AT THE HEIGHT OF HIS POPULARITY, JESUS HAD NO LACK OF “SEEKERS,” BUT MANY OF THOSE WHO SOUGHT HIM DID SO FOR WORLDLY REASONS. After He miraculously fed the five thousand, the multitude came back the next day. On that day, however, Jesus did not feed them with loaves and fishes. Rather than another meal, what the crowd got from Jesus was an encouragement to elevate their concept of what He had come into the world to give them. He exhorted them, “Do not labor for the food which perishes, but for the food which endures to everlasting life.”


What this tells us is that even when we are seeking God, our seeking can go astray. Just when we begin to believe that we are seeking Him, we may look into our hearts and see that what we’re really seeking is the procurement of certain physical blessings. He has blessed us in the past, and we’ve greatly enjoyed His blessings. And so we return just as the multitude did, seeking Him the next day. But is it God whom we seek or have we returned to Him because we “ate of the loaves and were filled”?

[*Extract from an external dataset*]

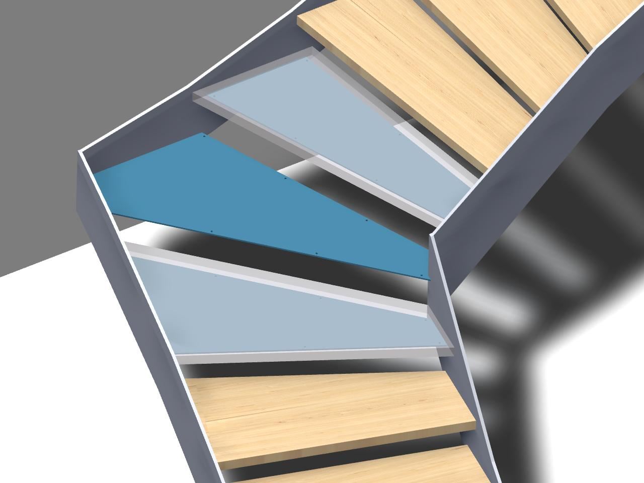 Querholme, seitliche Tragbleche, Blechstufen als Unterkonstruktion sind alles Konstruktionen, die das Tragverhalten der Treppen beeinflussen und stabilisieren.
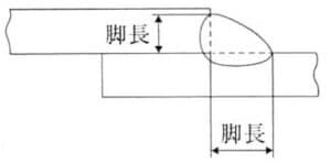 fillet weld size (すみ肉のー)脚長(きゃくちょう) 継手のルートからすみ肉溶接の止端までの距離。

The danger of concentrating on “the food which perishes” is that too little of our hearts is left over with which to focus on God. As Charles Spurgeon said, “A man’s heart has only enough life in it to pursue one object fully.” To whatever extent we seek the food that perishes, that much less energy will be available for seeking “the food which endures to everlasting life.”


It simply cannot be said too often: we must seek God with our WHOLE HEARTS. It is a SINGLE-MINDED focus on our Heavenly Father that will ultimately get us where we want to be: “Blessed are the pure in heart, for they shall see God” (Matthew 5:8). So however tempting it may be to devote ourselves to temporal needs and enjoyments, we must not let our seeking go astray. If it is not God whom we seek, then our seeking is bound to come to a bad end.


“God designed the human machine to run on himself. He himself is the fuel our spirits were designed to burn, or the food our spirits were designed to feed on. There is no other. That is why it is just no good asking God to make us happy in our own way” (C. S. Lewis).